10th International Aerosol Conference
September 2 - September 7, 2018
America's Center Convention Complex
St. Louis, Missouri, USA

Abstract View

Roadmap For Statistical Calibration Model Development and Maintenance: Prediction of Organic and Elemental Carbon Composition in PM2.5 with Infrared Spectroscopy

SATOSHI TAKAHAMA, Matteo Reggente, Adele Kuzmiakova, Ann Dillner, Andrew Weakley, Bruno Debus, EPFL

Abstract Number: 1310
Working Group: Instrumentation

Abstract
Machine learning algorithms are becoming increasingly important for calibration of instruments (or suite of instruments) that require mathematical separation of analyte signals from analytical or electronic interferences. When physically-based models are not available for signal interpretation, data-driven models can learn discriminating features from a training set of samples to make quantitative predictions in new observations.

We summarize procedures for data preprocessing, data selection, model training, and model evaluation to determine a suitable calibration model among a suite of candidate models that can be generated. The final calibration model can include several models combined together with a classification algorithm (i.e., multilevel modeling framework) when a single model is not suitable for all sample types.

We further discuss methods for identifying limitations in model applicability. Model understanding in the form of variable importance assessment can identify the most discriminating features and how their relationships are used by the calibration model. In the operation phase of the model when reference (and possible other auxiliary measurements) are not available, methods for anticipating precision errors and large prediction errors due to biases that arise from differences in sample composition must be estimated from the primary measurement to monitor model performance. These topics are presented alongside strategies for model updating.

This life cycle of a statistical calibration model is demonstrated for calibration of thermal optical reflectance organic and elemental carbon using collocated Fourier Transform Infrared (FT-IR) spectra from several sites in the IMPROVE and Chemical Speciation Networks. This work presents a synthesis of the recent published efforts to extend FT-IR in this domain of analysis (Dillner et al. 2015a, Dillner et al. 2015b, Kuzmiakova et al. 2016, Reggente et al. 2016, Takahama et al. 2016, Weakley et al. 2016), and also includes new results.

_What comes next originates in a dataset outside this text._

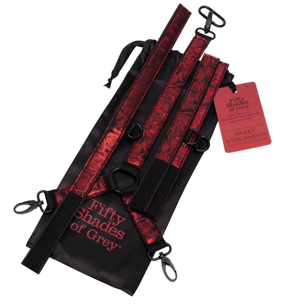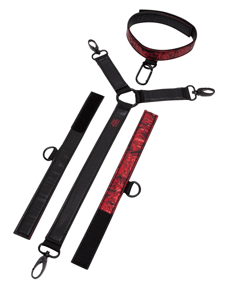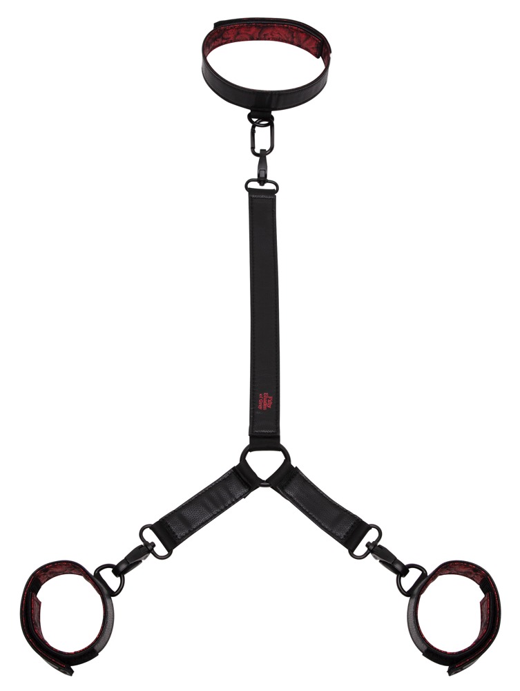 Die Hals- und Handfessel Sweet Anticipation Collar and Wrist Cuffs von Fifty Shades of Grey sorgt für die wirkungsvolle Fixierung der Hände vor oder hinter dem Körper. An dem Mittelsteg werden die Hals- und die Handfesseln mit ihren D-Ringen in die Clipkarabiner eingehakt. Die bequem gepolsterten Manschetten sowie der Mittelsteg sind beidseitig tragbar: Eine Seite in schwarzer Lederoptik, andere Seite mit Satin im schwarz/roten Rosendesign. Die Fesseln sind mit Klettverschlüssen schnell angelegt und im Umfang passend verstellbar.

[1] Dillner, A.M., Takahama, S., 2015a. Predicting ambient aerosol thermal–optical reflectance measurements from infrared spectra: elemental carbon. Atmos. Meas. Tech. 8, 4013–4023. https://doi.org/10.5194/amt-8-4013-2015.
[2] Dillner, A.M., Takahama, S., 2015b. Predicting ambient aerosol thermal-optical reflectance (TOR) measurements from infrared spectra: organic carbon. Atmos. Meas. Tech. 8, 1097–1109. https://doi.org/10.5194/amt-8-1097-2015.
[3] Kuzmiakova, A., Dillner, A.M., Takahama, S., 2016. An automated baseline correction protocol for infrared spectra of atmospheric aerosols collected on polytetrafluoroethylene (Teflon) filters. Atmos. Meas. Tech. 9, 2615–2631. https://doi.org/10.5194/amt-9-2615-2016.
[4] Reggente, M., Dillner, A.M., Takahama, S., 2016. Predicting ambient aerosol thermal–optical reflectance (TOR) measurements from infrared spectra: extending the predictions to different years and different sites. Atmos. Meas. Tech. 9, 441–454. https://doi.org/10.5194/amt-9-441-2016.
[5] Takahama, S., Ruggeri, G., Dillner, A.M., 2016. Analysis of functional groups in atmospheric aerosols by infrared spectroscopy: sparse methods for statistical selection of relevant absorption bands. Atmos. Meas. Tech. 9, 3429–3454. https://doi.org/10.5194/amt-9-3429-2016.
[6] Weakley, A.T., Takahama, S., Dillner, A.M., 2016. Ambient aerosol composition by infrared spectroscopy and partial least-squares in the chemical speciation network: Organic carbon with functional group identification. Aerosol Science and Technology 0, 1–19. https://doi.org/10.1080/02786826.2016.1217389.